Fact
Constraints in Design Processes
The inspiration for this project is two-pronged relating to the focus and to the purpose of the project, respectively.
Firstly, the project is inspired by the immanent paradox that constraints can be both restraining and encouraging for a creative process. Constraints in a design context are interesting because design, which has both functional and aesthetic characteristics, is shaped at the intersection between artistic freedom and traditional problem solving – differentiated, among other things, by the amount of externally imposed constraints. Hence the concept of constraints in design relates to the dispute about the design problem and its structure, discursively rooted in the hard and the soft system methodology, respectively, in which the nature of the problem and of the solution is either well or poorly defined and the process either linear and stable or unpredictable and iteratively variable.
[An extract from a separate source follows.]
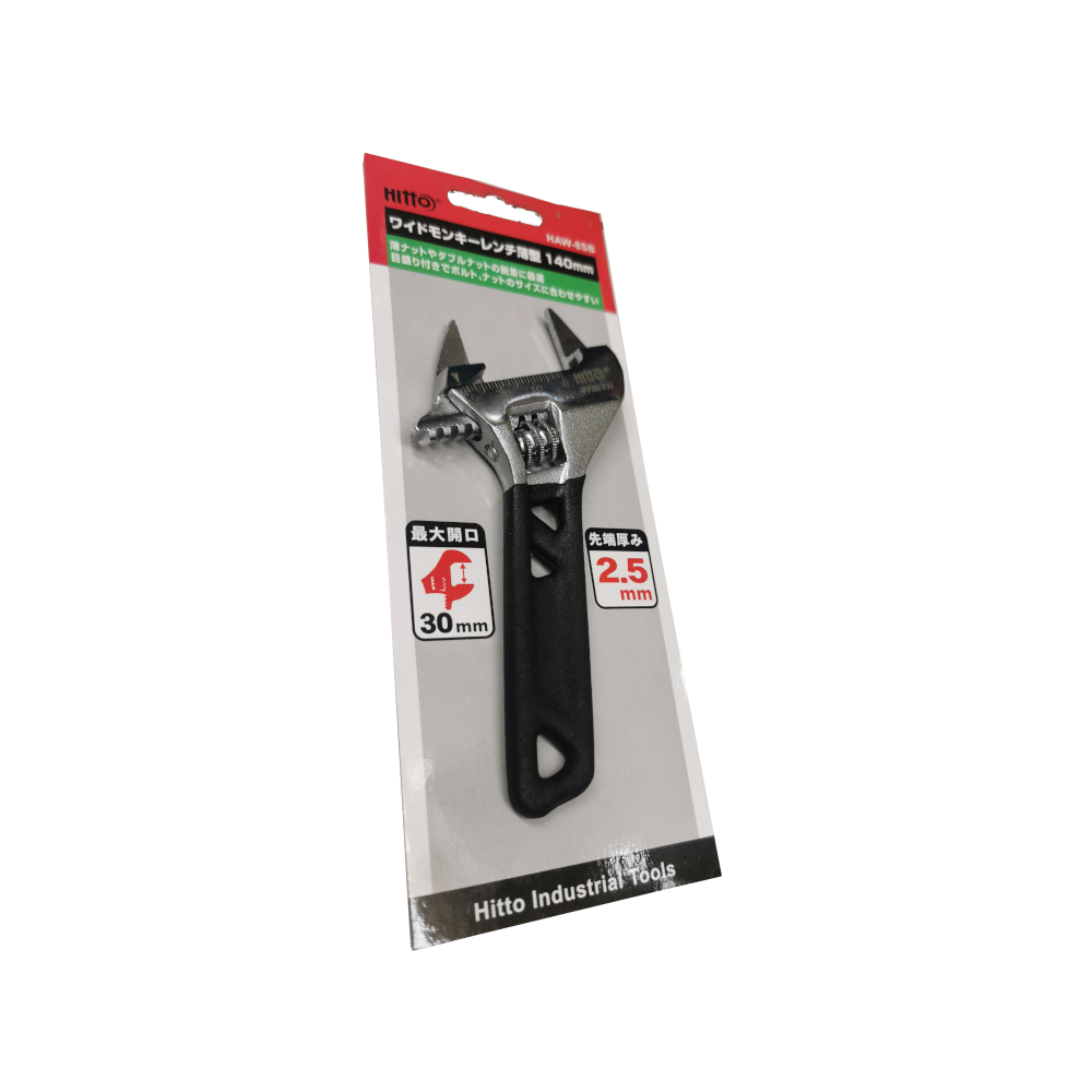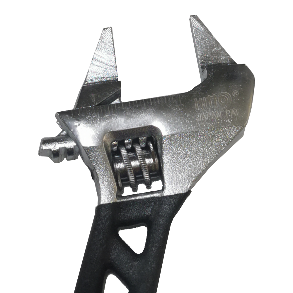 The HITTO HAW-6SB is a heavy-duty, stubby adjustable wrench designed to offer high capacity and access in confined spaces. Despite its compact, 6-inch (140mm) length, this wrench provides a significantly wider jaw opening than standard wrenches of the same size, making it a versatile tool for professional mechanics, plumbers, and maintenance workers.

Secondly, with a Master’s degree in design I have first-hand experience with the epistemic uncertainty that surrounds the apparent “fuzziness” of the design process; how the processual advancement is promoted, which brings the designer from nothing to something – from the abstract to "the ultimate particular."
In this project, I intend to explore and explicate some of the underlying mechanisms of the, at times, chaotic design processes; I want to confront the “fuzziness” of the design process.
Project goal/objective
The goal of the study is to promote design processes by addressing the concept ‘intentional constraints’ in relation to the co-evolution of problem and solution in poorly defined problems. Hence this study is a contribution to basic research in the field of design methodology. The approach is an exploratory qualitative case study of product design processes. The objective of the project is to:
1) Reach an extensive understanding of the design process and initiate bridge building between the rival hard and soft design methodological paradigms;
2) Consolidate and authorise the knowledge base of the design profession as well as strengthen the designers' theoretical foundation for arguing in favour of their ideas, choices and actions.
The main research question of the project is "How can knowledge about design processes be promoted by exploring intentionally imposed constraints in poorly defined problems?" This question is highlighted through a series of sub-questions.